セキュリティの観点からは、現代のウェブの方がはるかに優れています。ウェブページを読み込むと、ウェブブラウザは独自の独立したサンドボックスでページを読み込み、実行します。ウェブブラウザは、ウェブページの一部を実行するためにActiveX、Java、Flash、その他のタイプのサードパーティ製プログラムに依存しません。
Windowsブラウザの外で完全に動作するEXEファイルをダウンロードしなければ、ウェブサイトがコンピュータ上のすべてのコンテンツのコードに完全にアクセスできるようにすることは不可能である。
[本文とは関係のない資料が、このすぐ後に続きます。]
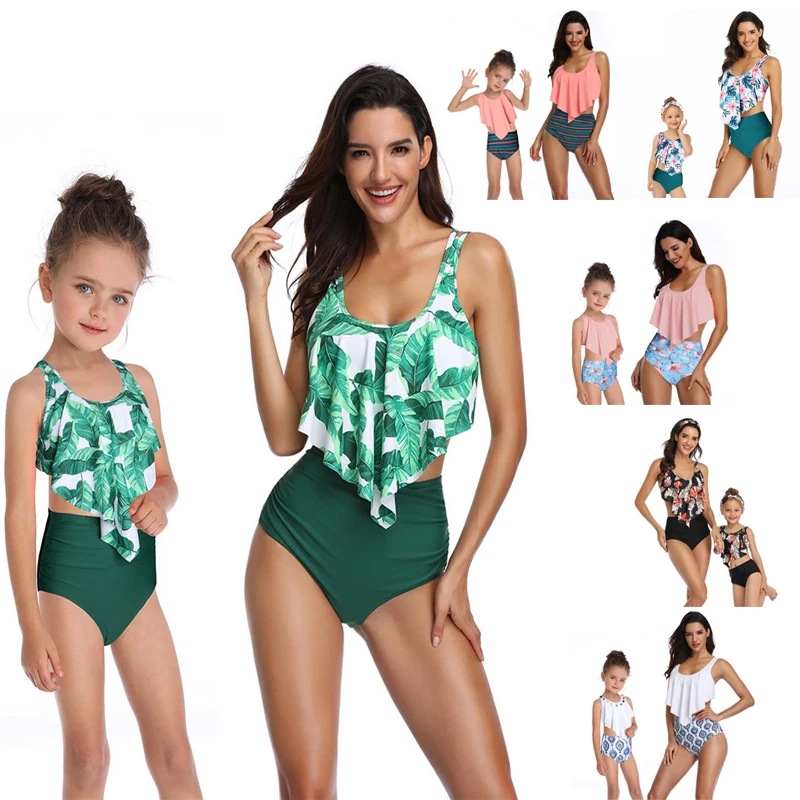 Новинка 2021, Раздельный купальник в европейском и американском стиле, женское бикини с высокой талией и принтом, купальник с воланами для родителей и детей

Webブラウザは自動的に更新されるので、ActiveXのように古いコードをページに残し、セキュリティパッチなしにアクセス可能な状態を維持することはない。
Flashコンテンツであっても、FlashがWeb技術に完全に置き換わる2020年末までは、ActiveXよりも安全性が高いと言えます。例えば、googlechromeはFlashをサンドボックスで実行します。悪意のあるFlashアプレットは、adobeflash自体のサンドボックスを逃れるための欠陥を利用し、さらに別の欠陥を使ってgooglechromeのプラグインのサンドボックスを逃れなければ、コンピュータに完全にアクセスすることはできません。
現代のWebは、もちろんクロスプラットフォームです。好きなプラットフォームで、好きなブラウザを使うことができます。Windowsでinternetexplorerを使用することは、使用しているウェブサイトが、あるブラウザでWindowsでしか動作しないActiveXコントロールを必要とするため、難しいことではありません。
もちろん、インストールしたほとんどのブラウザ拡張機能は、あなたがウェブブラウザで実行するすべてのアクションにアクセスできますが、少なくともあなたのコンピュータ全体にアクセスできるわけではありません。
関連:ブラウザの拡張機能があなたの銀行口座を覗き見していることをご存知ですか?
2021年までに、Windows 10の最新バージョンはまだActiveXコントロールをサポートしています。レガシーブラウザであるInternet Explorer 11を使用する必要がありますが、Microsoft EdgeはActiveXコントロールに対応していません。
現在でも、企業やその他の組織でActiveXコントロールを使用しているところがあるので、マイクロソフトはまだサポートを終了していない。
関連記事:Adobeflash is dead: What does it mean?